**** Stored data ****

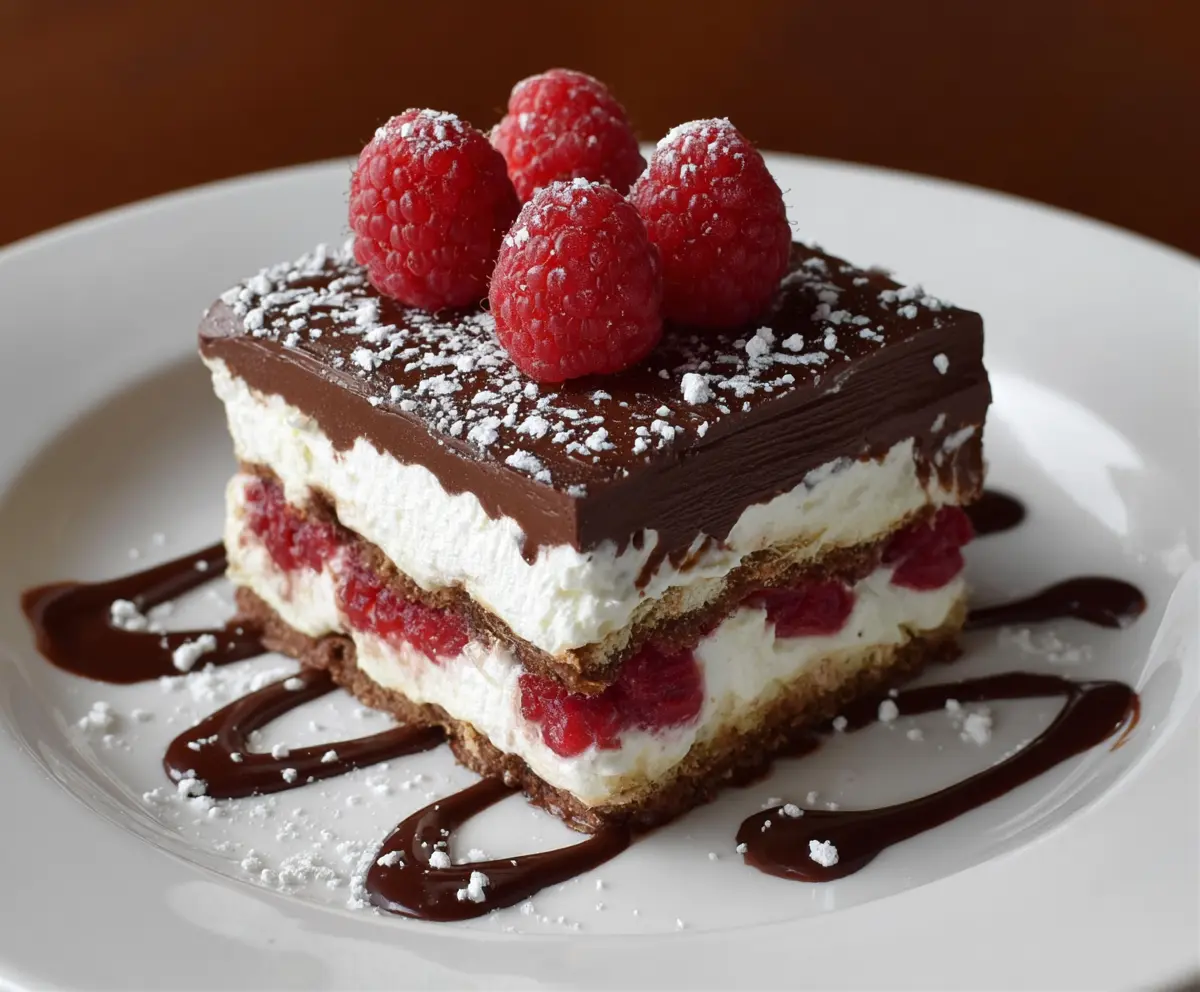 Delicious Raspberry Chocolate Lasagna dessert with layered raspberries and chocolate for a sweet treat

****
**** Stored data ****

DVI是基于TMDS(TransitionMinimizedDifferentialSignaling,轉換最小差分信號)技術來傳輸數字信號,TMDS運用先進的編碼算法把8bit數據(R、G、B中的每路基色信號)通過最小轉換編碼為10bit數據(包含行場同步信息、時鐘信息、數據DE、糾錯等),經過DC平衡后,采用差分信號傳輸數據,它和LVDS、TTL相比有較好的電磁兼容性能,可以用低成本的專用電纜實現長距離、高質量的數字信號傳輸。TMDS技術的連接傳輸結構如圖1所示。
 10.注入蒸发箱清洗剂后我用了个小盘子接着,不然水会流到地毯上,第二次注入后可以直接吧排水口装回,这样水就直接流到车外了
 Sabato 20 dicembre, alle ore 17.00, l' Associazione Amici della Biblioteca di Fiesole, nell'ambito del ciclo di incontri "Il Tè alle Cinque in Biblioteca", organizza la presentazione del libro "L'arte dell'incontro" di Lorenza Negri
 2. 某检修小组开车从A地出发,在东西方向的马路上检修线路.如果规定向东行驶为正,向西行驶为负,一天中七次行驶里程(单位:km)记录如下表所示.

****

▶ **What the exercise asks**
Give back, word for word, only the lines above from the line holding "DVI是基于TMDS(Tra" to the line holding "2. 某检修小组开车从A地出", both included.

▶ **Task result**
DVI是基于TMDS(TransitionMinimizedDifferentialSignaling,轉換最小差分信號)技術來傳輸數字信號,TMDS運用先進的編碼算法把8bit數據(R、G、B中的每路基色信號)通過最小轉換編碼為10bit數據(包含行場同步信息、時鐘信息、數據DE、糾錯等),經過DC平衡后,采用差分信號傳輸數據,它和LVDS、TTL相比有較好的電磁兼容性能,可以用低成本的專用電纜實現長距離、高質量的數字信號傳輸。TMDS技術的連接傳輸結構如圖1所示。
 10.注入蒸发箱清洗剂后我用了个小盘子接着,不然水会流到地毯上,第二次注入后可以直接吧排水口装回,这样水就直接流到车外了
 Sabato 20 dicembre, alle ore 17.00, l' Associazione Amici della Biblioteca di Fiesole, nell'ambito del ciclo di incontri "Il Tè alle Cinque in Biblioteca", organizza la presentazione del libro "L'arte dell'incontro" di Lorenza Negri
 2. 某检修小组开车从A地出发,在东西方向的马路上检修线路.如果规定向东行驶为正,向西行驶为负,一天中七次行驶里程(单位:km)记录如下表所示.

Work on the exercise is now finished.